**TASK PROMPT**
Retype the listing exactly; omit pictures.

DATASET EXTRACT: Begin

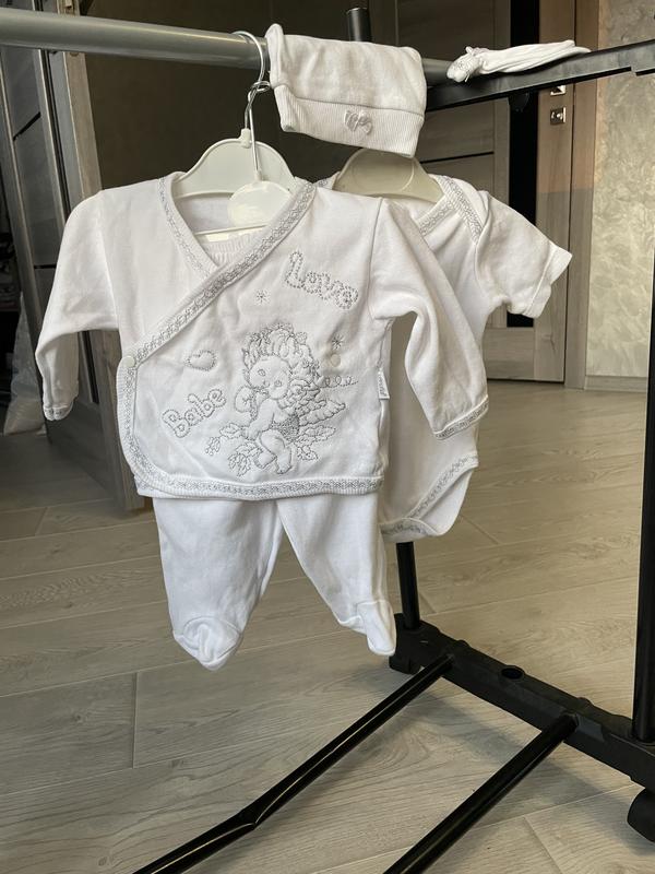 Набір для хрещення ( боді, штанці, кофтинка, шапка, царапки ). Розмір не вказано, підійде на 2-3 місяці.
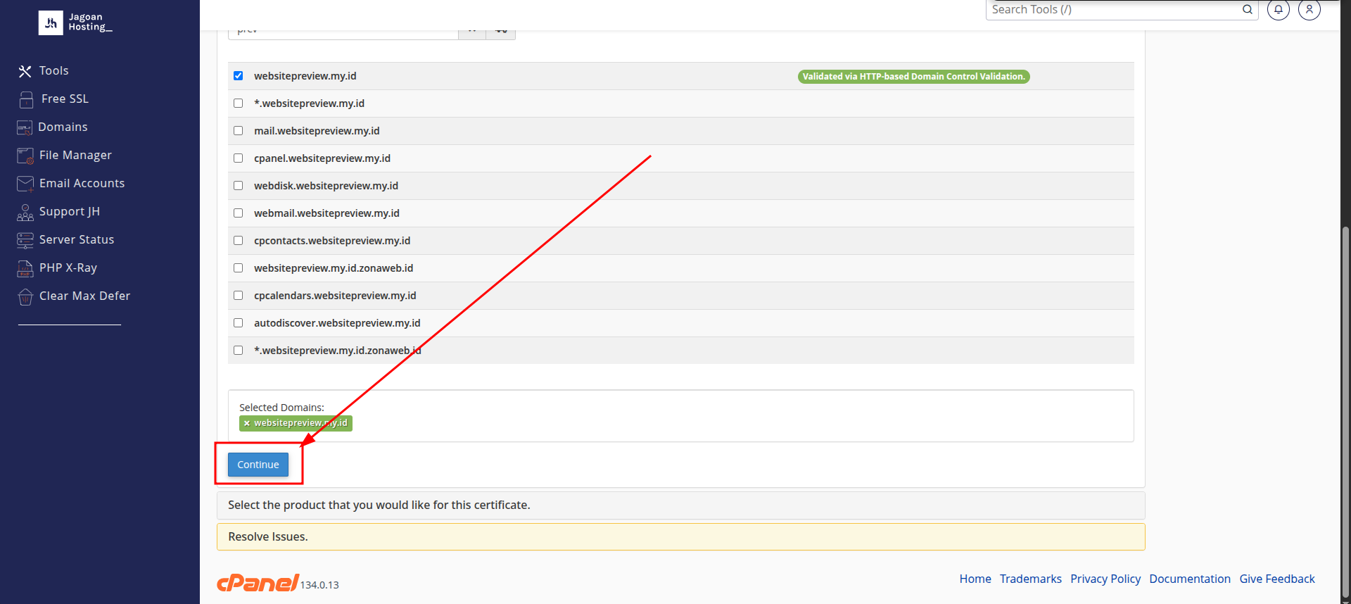 Kemudian jika sudah memilih nama domain. klik continue seperti gambar berikut
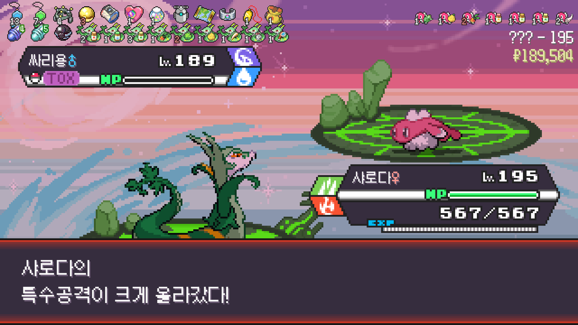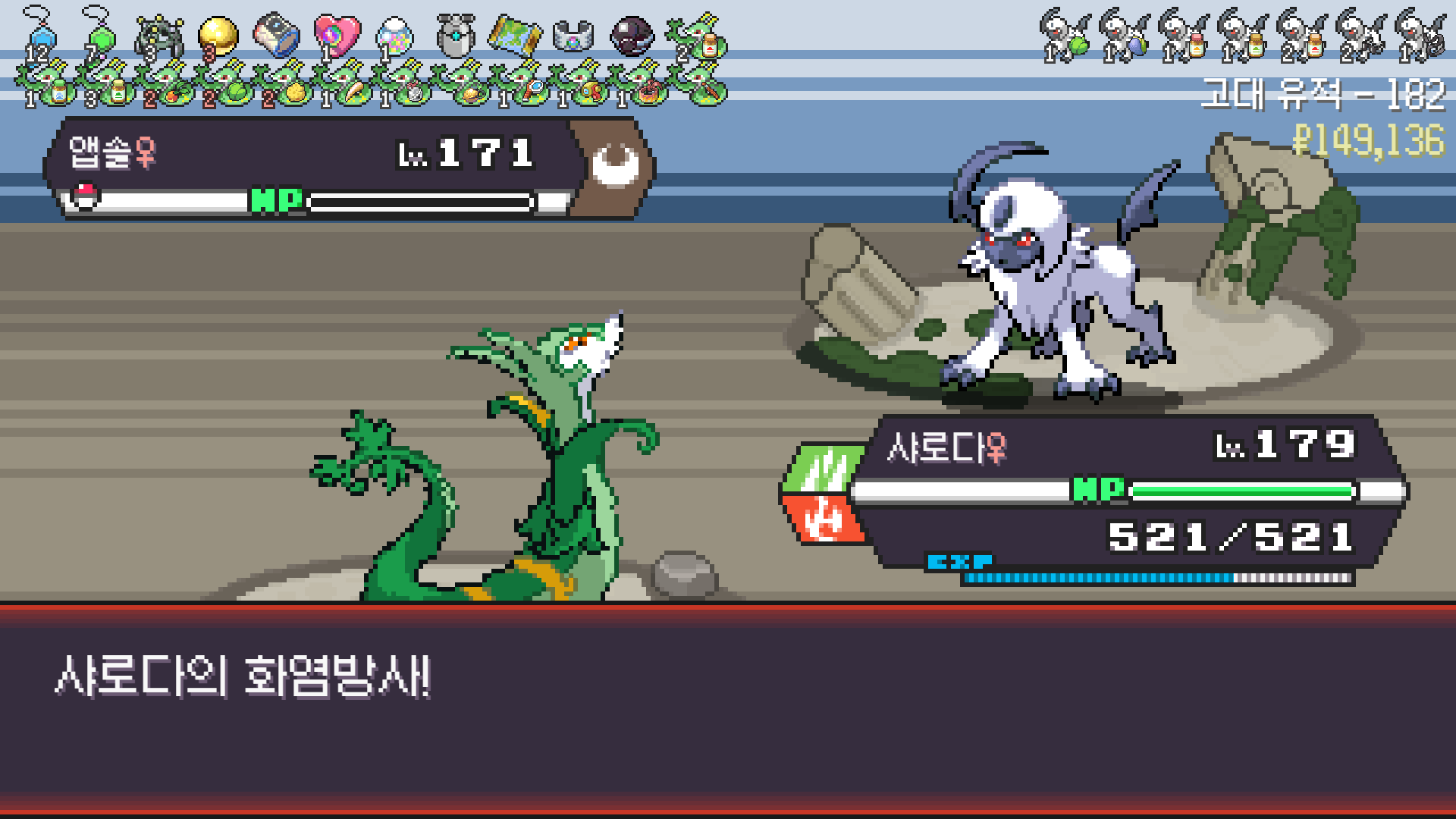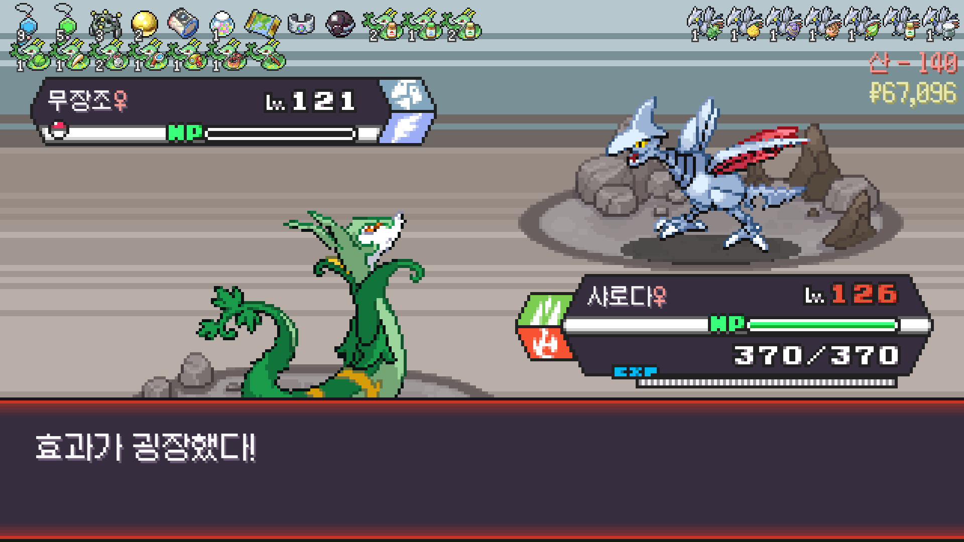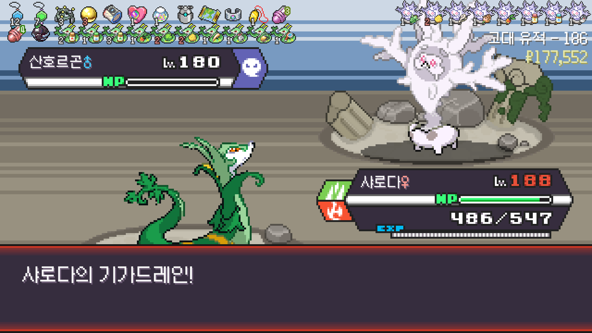 심술꾸러기, 멀티렌즈, 리프스톰 삼신기가 완성되고 타입이 풀/불꽃 변경되니 불도저 마냥 다 밀어버린 에이스

DATASET EXTRACT: End

**OUTPUT OF THE EXERCISE**
 Набір для хрещення ( боді, штанці, кофтинка, шапка, царапки ). Розмір не вказано, підійде на 2-3 місяці.
 Kemudian jika sudah memilih nama domain. klik continue seperti gambar berikut
 심술꾸러기, 멀티렌즈, 리프스톰 삼신기가 완성되고 타입이 풀/불꽃 변경되니 불도저 마냥 다 밀어버린 에이스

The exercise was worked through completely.